Hi all,
I'm in the process of developing a media handling extension for MediaWiki that will allow users with WebGL-enabled browsers to manipulate 3D models of large biological molecules, like proteins and DNA. I'm new to MediaWiki development, and I've got some questions about how I should go forward with development of this extension if I want to ultimately get it into official Wikimedia MediaWiki deployments.
My initial goal is to put the kind of interactive model available at http://webglmol.sourceforge.jp/glmol/viewer.html into infoboxes like the one in http://en.wikipedia.org/wiki/FOXP2. The library enabling this interactivity is called GLmol -- it's licensed under LGPL and described at http://webglmol.sourceforge.jp/index-en.html. There is some more background discussion on the extension at http://en.wikipedia.org/wiki/Portal:Gene_Wiki/Discussion#Enabling_molecular_....

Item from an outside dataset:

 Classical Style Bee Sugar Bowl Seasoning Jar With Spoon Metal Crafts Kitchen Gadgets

I have a prototype of the extension working on a local deployment of MediaWiki 1.18.1. I've tried to organize the extension's code roughly along the lines of http://www.mediawiki.org/wiki/Extension:OggHandler. The user workflow to get an interactive protein model into an article is to:
1) Upload a PDB file (e.g. http://www.rcsb.org/pdb/files/2A07.pdb) representing the protein structure through MediaWiki's standard file upload UI. 2) Add a wikilink to the resulting file, very similar to what's done with images. For example, [[File:2A07.pdb]].
If the user's browser has WebGL enabled, an interactive model of the macromolecule similar to one in the linked GLmol demo is then loaded onto the page via an asynchronous request to get the 3D model's atomic coordinate data. I've done work to decrease the time needed to render the 3D model and the size of the 3D model data (much beyond gzipping), so my prototype loads faster than the linked demo.

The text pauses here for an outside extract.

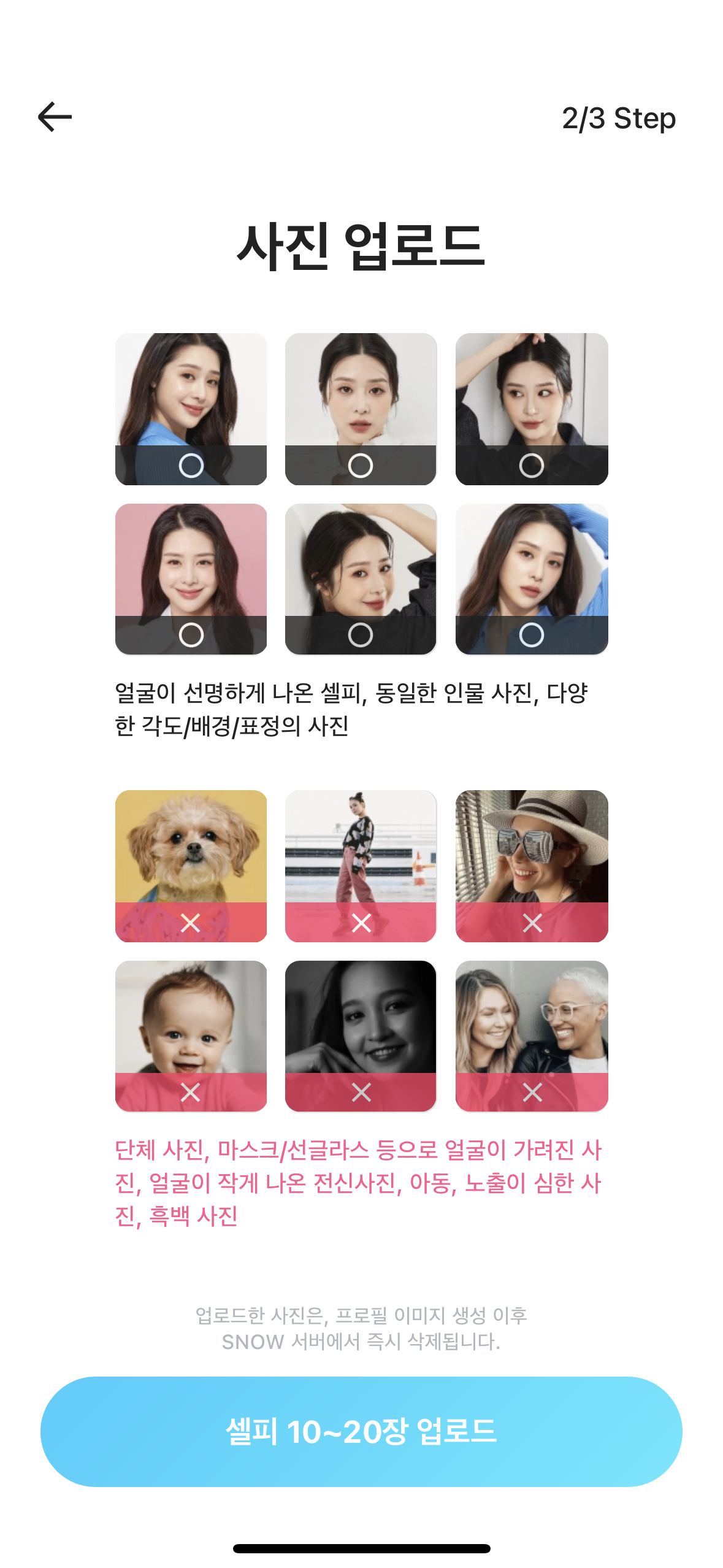 마음에 드는 사진을 10장에서 20장을 업로드합니다. (포즈가 다양하고 얼굴이 잘 보이는 사진이 좋습니다).

A main element of this extension -- which I haven't yet developed -- is how it will gracefully degrade for users without WebGL enabled. IE8 and IE9 don't support WebGL, and IE10 probably won't either. Safari 5.1.5 supports WebGL, but not by default. WebGL is also not supported on many smartphones.
One idea is to fall back to a 2D canvas representation of the model, perhaps like the 3D-to-2D examples at https://github.com/mrdoob/three.js/. I see several drawbacks to this. First, it would not be a fall-back for clients with JavaScript disabled. Second, the GLmol molecular viewer library doesn't currently support 2D canvas fall-back, and it would probably take substantial time and effort to add that feature. Third, there are browser plug-ins for IE that enable WebGL, e.g. http://iewebgl.com/.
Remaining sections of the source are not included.